DATA SEGMENT:
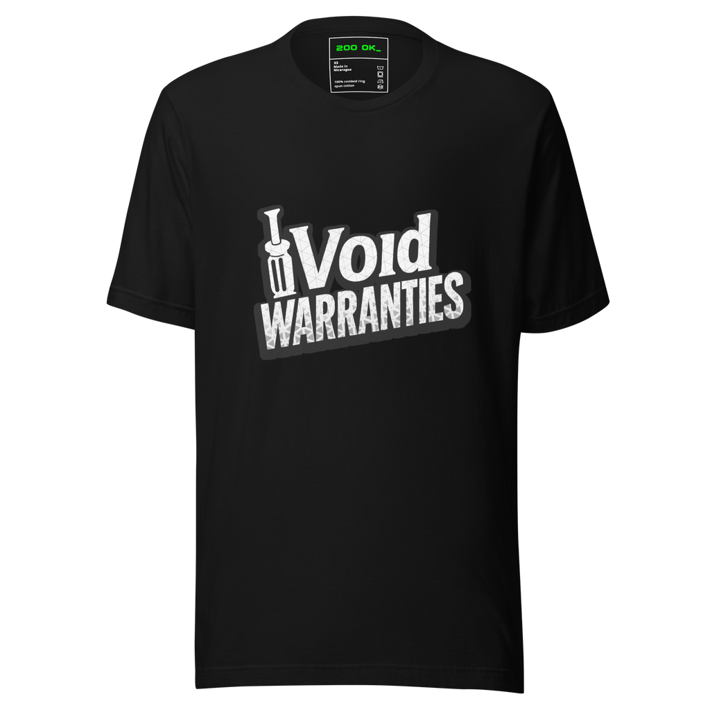 I Void Warranties” Tee – A witty and rebellious design for hackers, tinkerers, and tech enthusiasts who love pushing limits, breaking rules, and customizing everything beyond the manual.
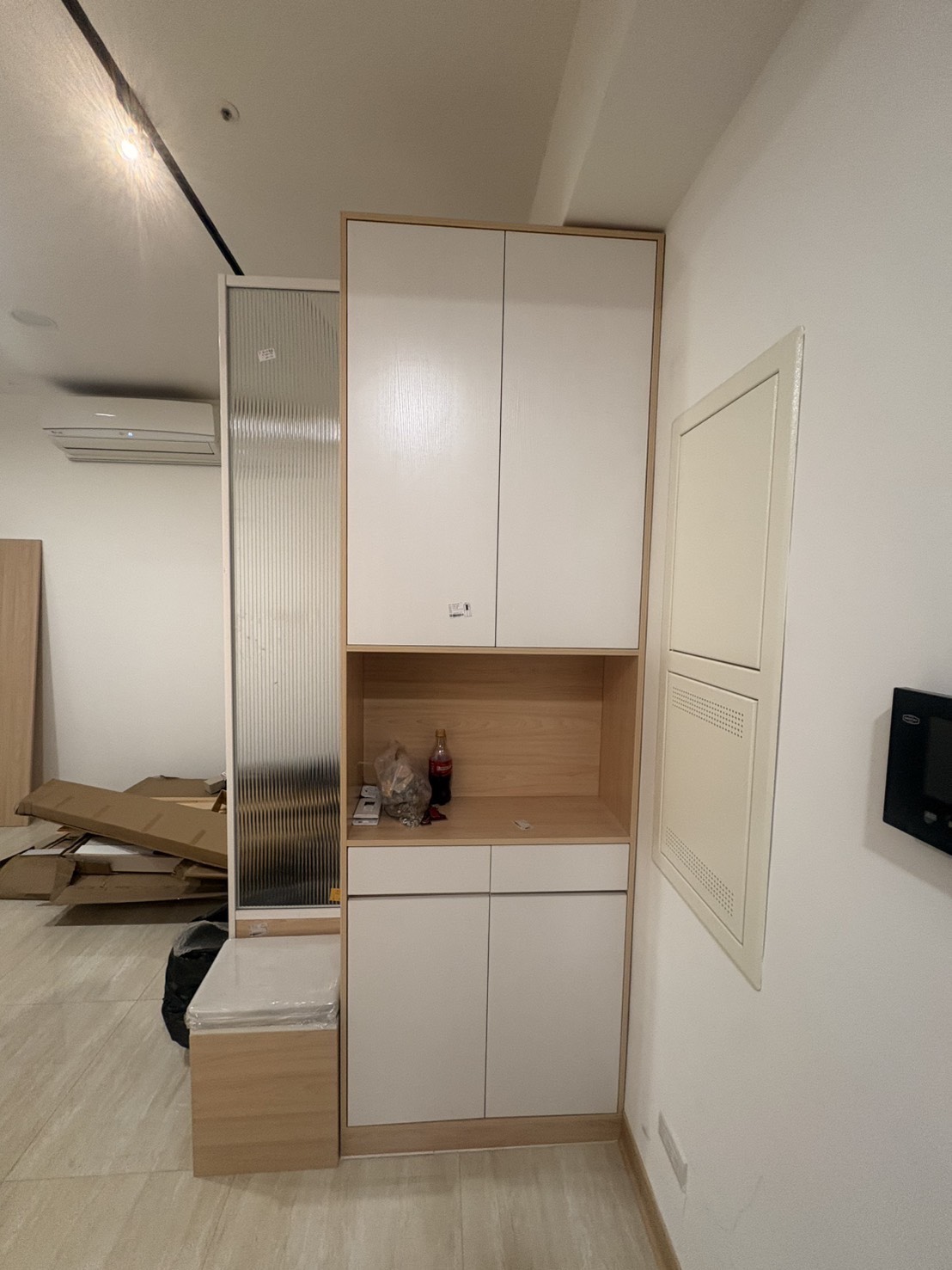 這次屋主的需求很單純:「我要一個能藏鞋、能坐、能隔開視覺的空間。」
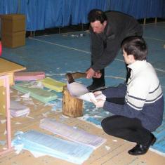 Питання, як відсікати кінчики бюлетенів, викликало невеличку дискусію. Дехто із спостерігачів та членів дільничної комісії ще пам'ятають, як далекого 1998 року, колишній директор школи винайшов ноу-хау: робив це... своєю бензопилою. І швидко, і без зусиль.

TASK INSTRUCTIONS: In the copy, include each line from the start of the material through the line with "這次屋主的需求很單純:「我要一個能藏鞋、能坐、能隔開視覺的空間。」", word for word, but none of the pictures.

RESPONSE BOX:
 I Void Warranties” Tee – A witty and rebellious design for hackers, tinkerers, and tech enthusiasts who love pushing limits, breaking rules, and customizing everything beyond the manual.
 這次屋主的需求很單純:「我要一個能藏鞋、能坐、能隔開視覺的空間。」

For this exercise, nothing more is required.